Выбрать главу

Новое жилище привело его в состояние неописуемого детского восторга, и он на радостях купил у соседей дешевого, но качественного домашнего грузинского вина и с ними же распил его у себя в доме. После вина начали играть в домино на деньги. Сазонову отчаянно не везло, и он за пару неудачных заходов спустил половину учительской зарплаты, в результате чего ему пришлось доживать месяц в условиях строжайшей экономии – на свежем лаваше и полезном айране, вызывавших у него к концу месяца приступы тошноты.

Так он и жил. Утром и днем преподавал в школе, а по вечерам пил винцо и играл в домино со своими новоявленными грузинскими приятелями-собутыльниками.

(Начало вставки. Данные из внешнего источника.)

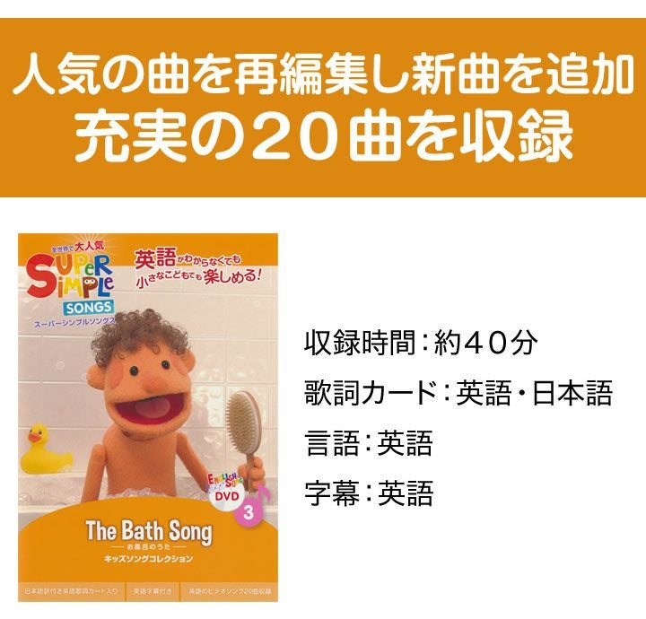 他の画像を見る 英語歌 幼児 絵本のような英語ソング マザーグース フォニックス 子ども 英会話 赤ちゃん 英語 ナーサリーライム 誕生日プレゼント 英語の歌 誕生日 幼児英語 DVD Super Simple Songs The Bath Song 価格 ¥ 2,189 税込 お気に入りに追加

Один раз его хотели нагреть на немаленькую сумму, и Сазонов показал всем, что означает «поцелуй тигра». После этого друзей у него не осталось, а те, кто дружил с ним раньше, бурчали под нос глухие ругательства и обещали показать ему, где раки зимуют, на всякий случай держась от него на почтительном расстоянии.

Что ж, оказавшись в культурном вакууме, Сазонов не отчаялся и не превратился в алкоголика-одиночку, для трансформации в которого имелись все предпосылки. Вместо этого он держал хвост пистолетом и незамедлительно взялся за воспитательный процесс подрастающих недорослей, стараясь воспитывать их как в армии, используя строжайшую дисциплину и все сопутствующие ей методы педагогики.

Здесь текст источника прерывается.